Norberg v Wynrib (1992) Case

  • A doctor providing painkillers in exchange for sexual activity was found to have breached his fiduciary duty.
  • Challenges to volitional competence: external parameters.

Substitute Decision-Making

  • Ethical basis: equality, beneficence, non-maleficence.

  • Legal basis: Section 15 of the Charter of Rights (equality).

  • Substitute decision-makers are selected in a specific order:

    • Court-appointed, patient-appointed representative (Representation Agreement Act), spouse (Mawdsley v Austin), child, parent, sibling, or other relative.
      • Proximity and familiarity with the patient's values are key.
  • Decisions must reflect the patient's previously competent values or, if unavailable, the values of a reasonable person in that position.

  • Healthcare professionals are NEVER the substitute decision-makers unless in emergencies or specifically appointed.

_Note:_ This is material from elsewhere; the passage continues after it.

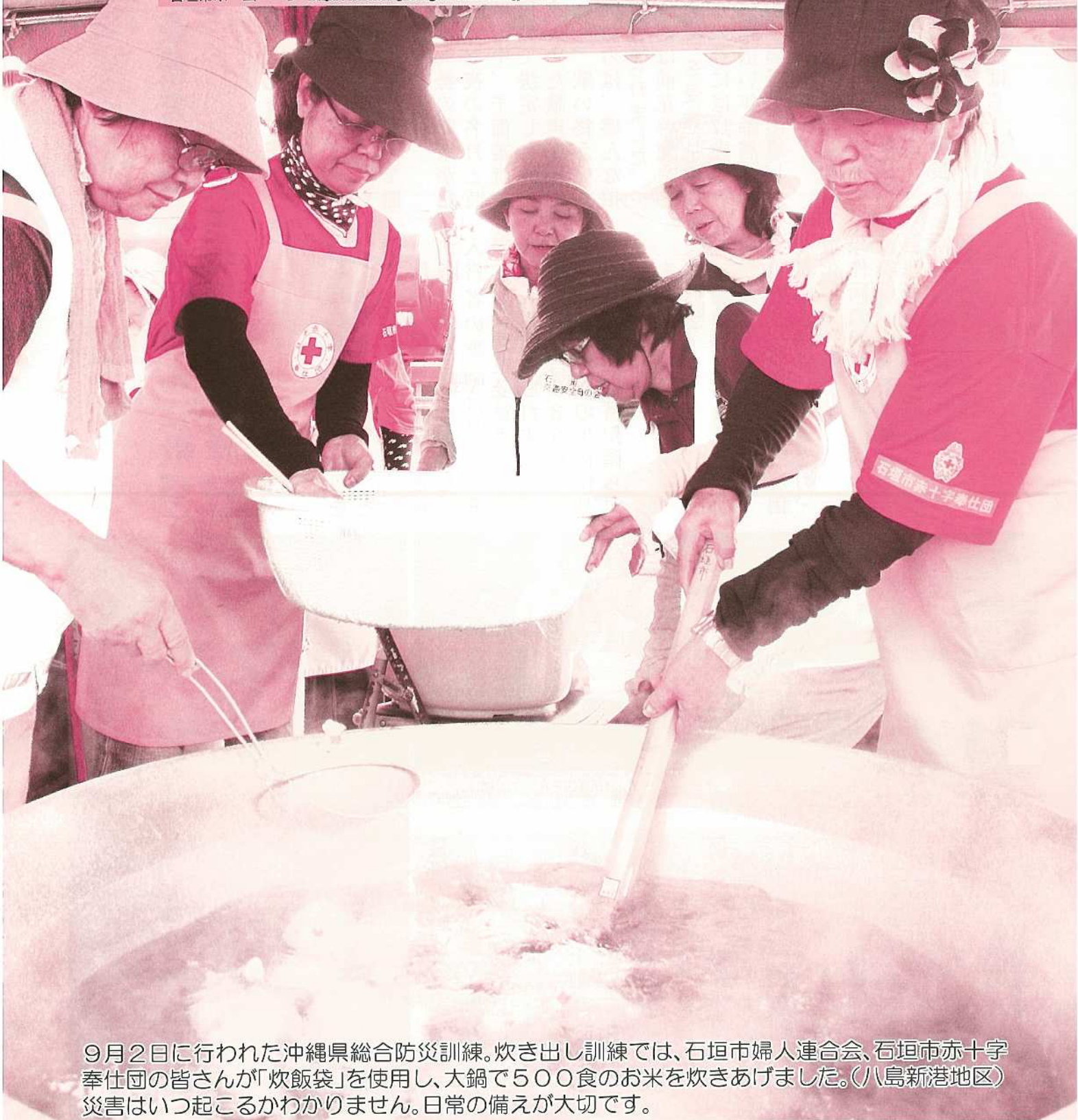
9月2日に行われた沖縄県総合防災訓練。炊き出し訓練では、石垣市婦人連合会、石垣市赤十字奉仕団の皆さんが「炊飯袋」を使用し、大鍋で500食のお米を炊きあげました。(八島新港地区) 災害はいつ起こるかわかりません。日常の備えが大切です。

石垣市ホームページ http://www.city.ishigaki.okinawa.jp

  • Must be in the patients BEST INTEREST.

Advance Directives

  • Apply to all healthcare interventions, including withholding treatment.
  • Directives must be specific; ambiguity renders them invalid unless interpreted by a substitute decision-maker.
  • Can be verbally withdrawn without written revocation.
  • It's debated whether capacity is necessary to revoke an advance directive.
  • Counsel patients that advance directives will be followed unless competently revoked.
  • Children are not automatically incompetent ethically; age is a prohibited ground of discrimination (Charter of Rights).
  • Legally considered incompetent if under 19 years old.
  • Contradicts S17 of BC Infants Act.
  • See also AC vs Manitoba.

Indigenous Children: Case of JJ

  • An 11-year-old First Nations girl with leukemia received both medical treatment and traditional healing practices.

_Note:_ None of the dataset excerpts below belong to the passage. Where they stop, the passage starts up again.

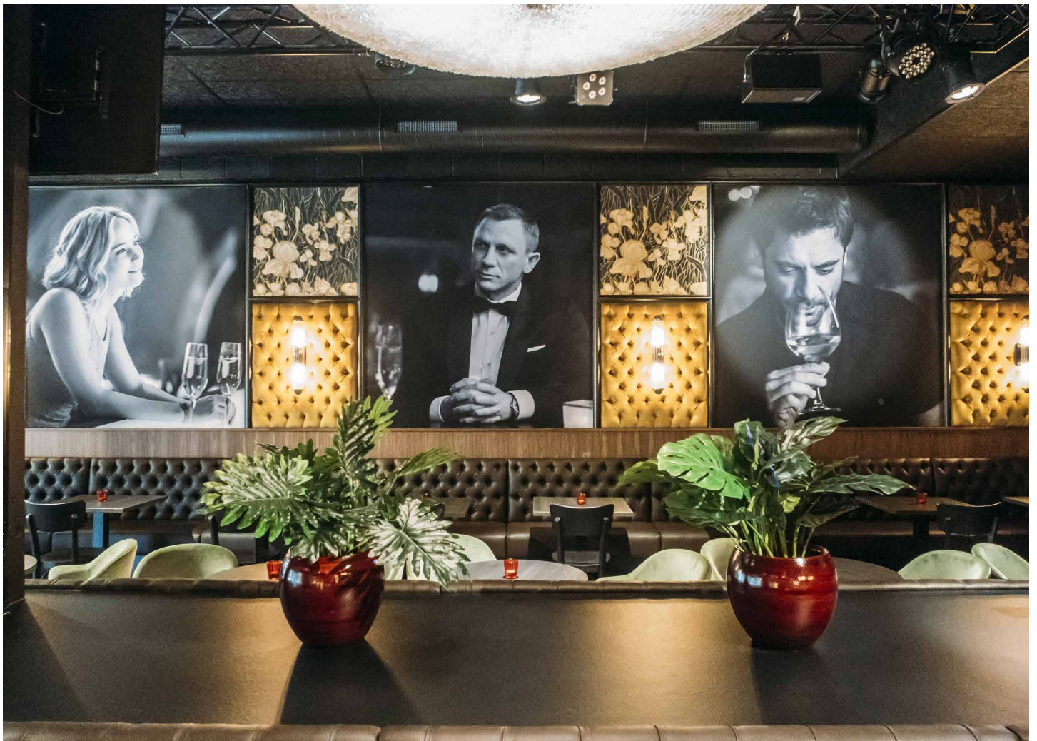
Restaurant Imagix - BELGIQUE - Cadres muraux imprimés noir & blanc - Installation : MONAVISA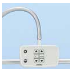
Panel de Control del paciente, luz de lectura y luz debajo de la cama (modelo 2 motores) A42964800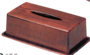
6 H-35-45 [A] (大)ティッシュボックス(深型) 新紫檀塗 ¥4,200 (30.8×17.5×10.3) 櫃20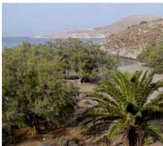
Nella prima foto la spiaggia prima di Grammata

Con l'auto o il motorino si raggiunge senza difficoltà la località di Kambos dove finisce la strada e cominciano i sentieri per le spiagge di Marmari e del Golfo di Grammata e per la punta estrema di Diaporti. I sentieri sono contrassegnati dai numeri 1 per il Golfo di Grammata, 2 per la Spiaggia di Marmari e 5 per Diaporti.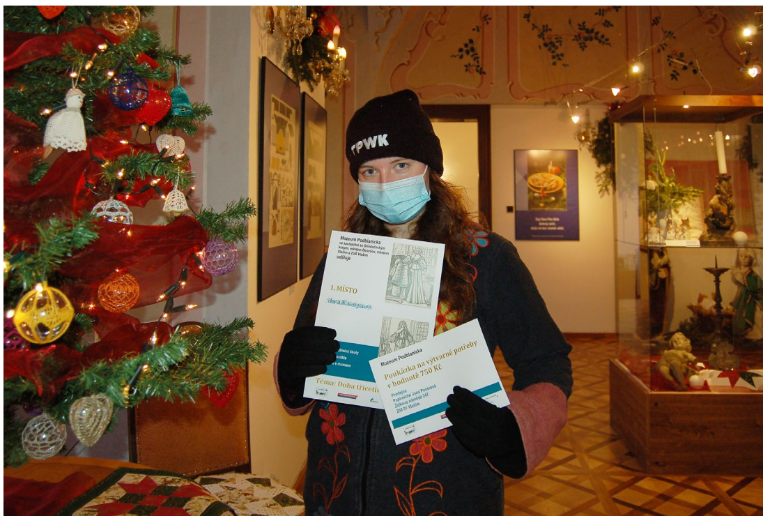
Obr. 13 Vítězka jedné z kategorií výtvarné soutěže Malujeme s muzeem

Také v roce 2020 Muzeum Podblanicka, p. o., zaštitilo činnost Vlastivědného klubu P. A. N. Vlasáka, se kterým muzeum velmi úzce spolupracuje již řadu let.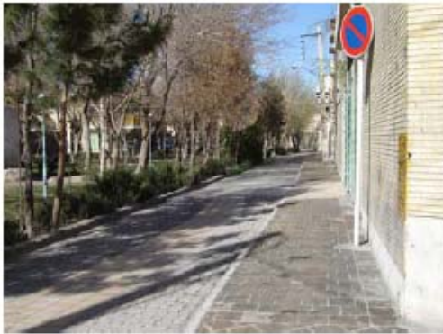
شکل ۱۶- کفسازی صورت گرفته در بافت قدیم محله جلفای اصفهان، اهمیت کفسازی و عناصر معماری محوطه در کیفیت بخشی به فضای شهری

معاير و فضاهای شهری گردند. هندسه و جزئیاتی که وابسته به دیگر عناصر سازنده کف و محوطه هستند از قبیل باغچه‌ها، حوض‌ها، آبنماها و مسیرهای حرکت آب نیز در شکل‌گیری معماری کف و محوطه فضاهای شهری، نقش بسزایی دارند که به نوبه خود دارای زیبایی و کارکردهای ویژه خود هستند.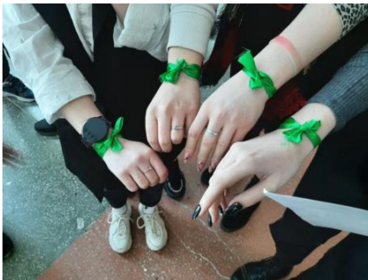
Рисунок 1. Деление участников на команды по цвету ленточки Звучит песня Badya_Svist_- _MAMA-BELARUS_(iPleer.com)

Ведущий 1. Сейчас мы просим экспертов пройти по своим этапам. Остальные участники квеста выберут ленточку определенного цвета. Она будет обозначать принадлежность к той или иной команде. После этого мы просим вас сгруппироваться в соответствии с цветом.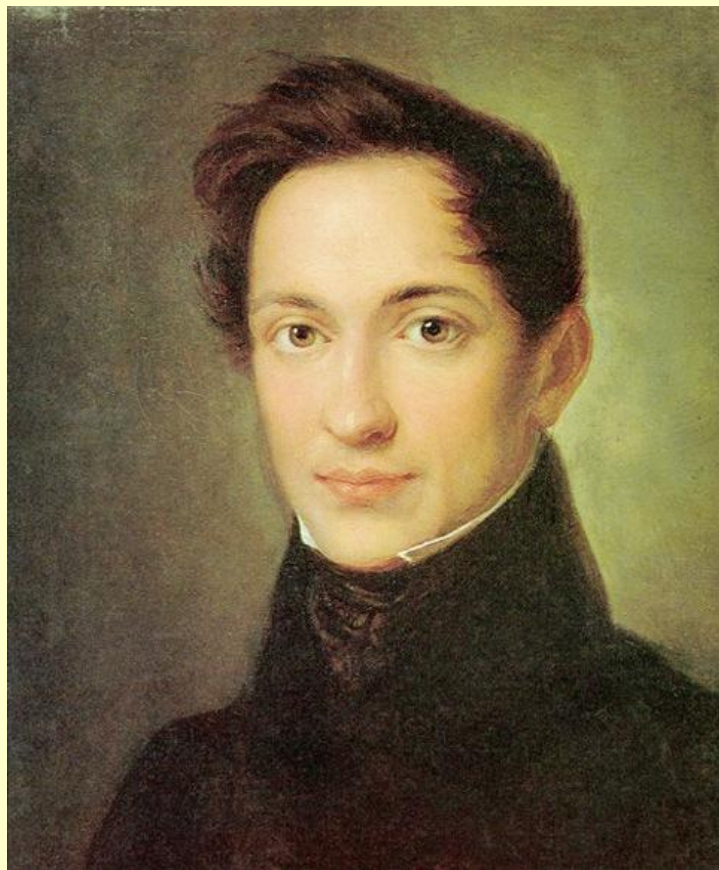
А. И. Герцен

  • Key ethical considerations involved the indigenous rights which are legally recognized cultural rights. Ethically speaking, indigenous persons are persons, therefore principle of equality applies.

  • It is unethical and discriminatory to only use traditional healthcare which is less effective than science based medicine.

  • The decision to use both treatment types was deemed ethical.